Loading...

XML

Word

Printable

JSON

Type: Bug
Resolution: Unresolved
Priority: Major - P3
Fix Version/s: None
Affects Version/s: 6.14.2
Component/s: Change Streams
Labels:
- alex+
- external-user

Quarter:
- FY26Q3
Investigation Story Points:
3
Confidence Status:
None

Aha! Reference:
None
Tracking Level:
None
Risk Status:
None
Exec Notes:
None
Goal Link:
None
Goal Name(s):
None

Problem

Change Streams stop working after failover, i.e. when a replication cluster's primary member becomes unavailable.

Setup

Node.js 22
npm install mongodb@6.14.2
MongoDB replica set with three members: A (primary), B (secondary), C (secondary)

Reproduction

Start the attached script with node main.mjs
Observe how change stream events are printed to the console every second
Stop the process of member A (a rs.stepDown() does not trigger the error, but it can precede stopping the process)
Almost immediately, change stream events stop printing
The application crashes after 60 seconds with a "MongoServerSelectionError" and "ECONNREFUSED 127.0.0.1:27017" (member A)
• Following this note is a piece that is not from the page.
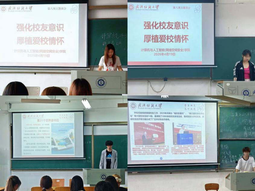 为加深同学们对校友文化的了解,丰富班级课余生活,培养大家的阅读习惯,计算机(网络空间安全)学院于4月19日召开了“强化校友意识,厚植爱校情怀”主题班会。此次班会向大家分享了优秀校友的故事,以及校友为母校发展做出的点滴贡献,让同学们对校友文化有了更清晰的认识。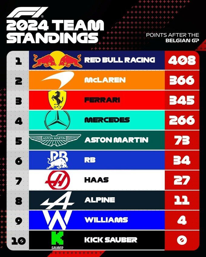 У Биків з'явилися проблеми у повільних поворотах та на нерівних трасах з високими поребриками. Команда привезла великі оновлення до Угорщини, але поки що чинний чемпіон не повернув собі звичну перевагу. Навіть у Спа, де Ред Булл традиційно домінує, Ферстаппен не показував неймовірний темп і не був швидшим за суперників з Макларена чи Мерседеса. У гонку за пілотський титул уже ніхто не вірить, але у боротьбі за Кубок конструкторів Ред Булл точно не може дозволити собі заспокоїтись.

import { MongoClient } from 'mongodb';

const uri = 'mongodb://127.0.0.1:27017,127.0.0.1:27018,127.0.0.1:27019/test?replicaSet=rs0';
const client = await MongoClient.connect(uri);
const testCollection = client.db().collection('Test');

let iteration = 0;
setInterval(() => testCollection.insertOne({ i: iteration++ }), 1000);

for await (const change of testCollection.watch()) {
  console.log(`${change.operationType}: ${change.fullDocument.i}`);
}

Expectation

In the case of a failover, node-mongodb-native should keep the change stream going without interruption.
There should not be a 60 second blackout before the changeover is being noticed.

Who is impacted

This affects all customers using Change Streams.
It disrupts their users in case of a failover, e.g. when upgrading MongoDB.

Ruling out other problem sources

This is a problem with the node-mongodb-native driver because:

MongoDB itself correctly re-elects a new primary node as can be observed by rs.status() in mongosh.
A reproduction with PyMongo in Python does not show this problem: the change events keep being printed even after member A has been stopped, and even after 60 seconds.
Furthermore, with PyMongo we can restart member A and then stop member B and the events keep being printed.

Discussion

Our application keeps running normally for 60 seconds, except that no more change stream events are being published during that time and until the server then later crashes and restarts.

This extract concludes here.